Posted 12 January 2018
By Zachary Brennan
Confusion and concerns over portions of a tobacco-related final rule have pushed the US Food and Drug Administration (FDA) to delay implementation of the sections dealing with the types of evidence FDA may consider to determine how a manufacturer intends for its medical product to be used.
"This is a determination that can have significant implications for, among other things, how manufacturers communicate about and promote their products. How we determine intended use is an important issue that touches many fundamental aspects of the FDA’s work," FDA Commissioner Scott Gottlieb said in a statement.
Until 5 February 2018, FDA is seeking comments on the proposal to delay the 19 March 2018 effective date of the portion of the rule related to intended use of medical products, though the tobacco-related portions of the final rule will go into effect.
The agency also noted in a Federal Register notice published Friday that issues raised in a petition filed by PhRMA, BIO and the Medical Information Working Group, as well as the comments on the 2015 proposed rule and others from 2017 "underscore for FDA the potential for confusion related to the language in the final rule."
Patti Zettler, associate professor of law at Georgia State University School of Law, told Focus: "As a preliminary matter, I think the indefinite delay of this rule suggests that there is an improved prospect that FDA will not go forward with the rule as is.
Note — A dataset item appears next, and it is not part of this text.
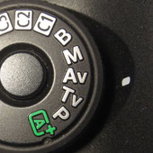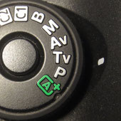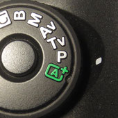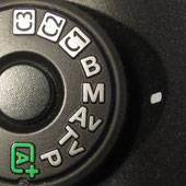 Die Programmautomatik (P): Bei der Programmautomatik wählt die Kamera selbständig eine Kombination von Blende und Verschlusszeit, wobei der Fotograf aber in der Regel über ein Rad (z.B. über dem Auslöser der Kamera) Einfluss darauf nehmen kann, wie das Verhältnis von Blende und Verschlusszeit sein soll (also ob es eine lange Belichtung mit geschlossener Blende oder eher eine kurze Belichtung mit offener Blende werden soll). Die Programmautomatik bietet gegenüber der „grünen Automatik“ (also der vom Hersteller voreingestellten Vollautomatik) den Vorteil, dass z.B. die ISO, der Weißabgleich oder das Aufzeichnungsformat (RAW oder JPG) selbst gewählt werden können. Der Nachteil der Programmautomatik ist aber, dass eine gezielte Vorgabe von einer Blende oder Verschlusszeit nicht vorgesehen ist, was aber aus gestalterischer Sicht (z.B. eine offene Blende zum Arbeiten mit Unschärfe und Schärfe) oder aus technischer Notwendigkeit (z.B. eine kurze Verschlusszeit zum „Einfrieren“ eine Motivs) oft notwendig ist. Dazu gibt es die beiden anderen Automatikmodi (Av und Tv).
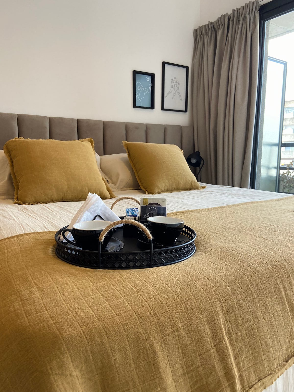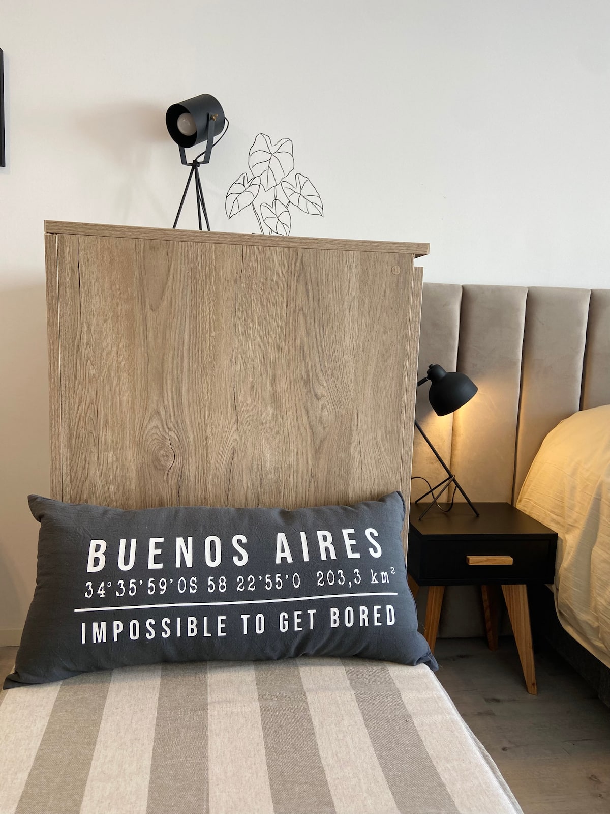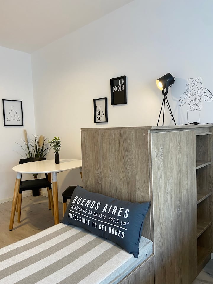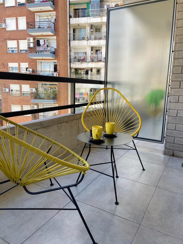 Modern studio apartment with full equipment. Description mentions a location in the “Palermo Queen” neighbourhood and availability of bars, theatres, shopping and tango dance halls nearby.

In the meantime, though, some of the language that industry has long been concerned about - that knowledge of unapproved uses can be evidence of intended use - remains in place."
At issue is how the initially proposed rule sought to remove a sentence, which FDA Law Blog last February called "the famous 'knowledge' sentence: 'But if a manufacturer knows, or has knowledge of facts that would give him notice, that a [drug or device] introduced into interstate commerce . . . is to be used for conditions, purposes, or uses other than the ones for which he offers it, he is required to provide adequate labeling for such a drug/device which accords with such other uses to which the article is to be put.'"
But the final rule did not remove the sentence and instead amended it with new language that angered industry groups, which called the move "a new and unsupported legal standard."
The new sentence said: "And if the totality of the evidence establishes that a manufacturer objectively intends that a device [or drug] introduced into interstate commerce by him is to be used for conditions, purposes, or uses other than ones for which it has been approved, cleared, granted marketing authorization, or is exempt from premarket notification requirements (if any), he is required, in accordance with section 502(f) of the Federal Food, Drug, and Cosmetic Act, or, as applicable, duly promulgated regulations exempting the device from the requirements of section 502(f)(1), to provide for such device [or drug] adequate labeling that accords with such other intended uses."
As far as whether FDA might take another stab at what it means by intended use with a different or further amended rulemaking, Zettler noted that that largely depends on how high a priority it is for the agency.
FDA also explained how several comments raised legal concerns with the final rule, including arguments to the effect that the rule violates the First Amendment by regulating truthful speech regarding lawful activity.
Zettler added: "It's important to distinguish the agency's use of knowledge, or a 'totality of the evidence,' to determine the intended use of wholly unapproved products and its use of such evidence to determine the intended use of approved products. I think the First Amendment arguments are stronger when considering approved products, and the connection to off-label promotion, which is where courts have seemed inclined to question the constitutionality of FDA's policies."